**Exercise details**.
Scan the records below. List lines holding "game".

(Dataset items)
- - -
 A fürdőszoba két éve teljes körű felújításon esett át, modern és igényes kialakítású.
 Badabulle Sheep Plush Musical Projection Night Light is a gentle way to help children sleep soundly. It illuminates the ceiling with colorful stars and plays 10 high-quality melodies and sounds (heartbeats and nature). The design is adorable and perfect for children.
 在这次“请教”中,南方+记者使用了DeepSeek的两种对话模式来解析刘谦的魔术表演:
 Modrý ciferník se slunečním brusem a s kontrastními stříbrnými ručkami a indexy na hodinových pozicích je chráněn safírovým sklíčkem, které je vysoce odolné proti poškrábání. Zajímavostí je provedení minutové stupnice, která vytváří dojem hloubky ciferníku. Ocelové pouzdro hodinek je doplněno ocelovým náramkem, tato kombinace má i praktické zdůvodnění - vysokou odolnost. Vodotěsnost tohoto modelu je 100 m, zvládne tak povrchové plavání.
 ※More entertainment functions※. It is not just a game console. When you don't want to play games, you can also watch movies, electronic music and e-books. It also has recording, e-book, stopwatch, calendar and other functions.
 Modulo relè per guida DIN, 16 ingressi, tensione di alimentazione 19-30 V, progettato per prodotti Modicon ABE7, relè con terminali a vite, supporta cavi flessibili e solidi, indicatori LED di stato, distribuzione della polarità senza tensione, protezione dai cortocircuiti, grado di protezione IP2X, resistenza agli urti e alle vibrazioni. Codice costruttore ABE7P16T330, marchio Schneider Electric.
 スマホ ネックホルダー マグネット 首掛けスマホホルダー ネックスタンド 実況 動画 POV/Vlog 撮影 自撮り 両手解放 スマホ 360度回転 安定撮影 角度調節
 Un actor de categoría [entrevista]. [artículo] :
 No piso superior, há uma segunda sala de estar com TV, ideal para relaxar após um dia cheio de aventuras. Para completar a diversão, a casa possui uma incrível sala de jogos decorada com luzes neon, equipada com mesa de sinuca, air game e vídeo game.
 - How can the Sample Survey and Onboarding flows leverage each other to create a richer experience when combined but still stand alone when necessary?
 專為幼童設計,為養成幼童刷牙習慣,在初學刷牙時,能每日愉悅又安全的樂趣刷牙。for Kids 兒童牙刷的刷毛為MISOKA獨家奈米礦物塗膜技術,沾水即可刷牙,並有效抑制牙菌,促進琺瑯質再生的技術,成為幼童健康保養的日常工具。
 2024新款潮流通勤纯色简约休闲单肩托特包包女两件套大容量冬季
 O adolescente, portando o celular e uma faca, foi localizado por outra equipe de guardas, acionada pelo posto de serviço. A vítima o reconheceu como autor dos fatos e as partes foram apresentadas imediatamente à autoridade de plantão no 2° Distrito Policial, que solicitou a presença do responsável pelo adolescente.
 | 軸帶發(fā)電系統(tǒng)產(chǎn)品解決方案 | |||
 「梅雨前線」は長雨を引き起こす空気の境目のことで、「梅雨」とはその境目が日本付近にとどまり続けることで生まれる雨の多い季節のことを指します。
- - -
**The completed task**.
 ※More entertainment functions※. It is not just a game console. When you don't want to play games, you can also watch movies, electronic music and e-books. It also has recording, e-book, stopwatch, calendar and other functions.
 No piso superior, há uma segunda sala de estar com TV, ideal para relaxar após um dia cheio de aventuras. Para completar a diversão, a casa possui uma incrível sala de jogos decorada com luzes neon, equipada com mesa de sinuca, air game e vídeo game.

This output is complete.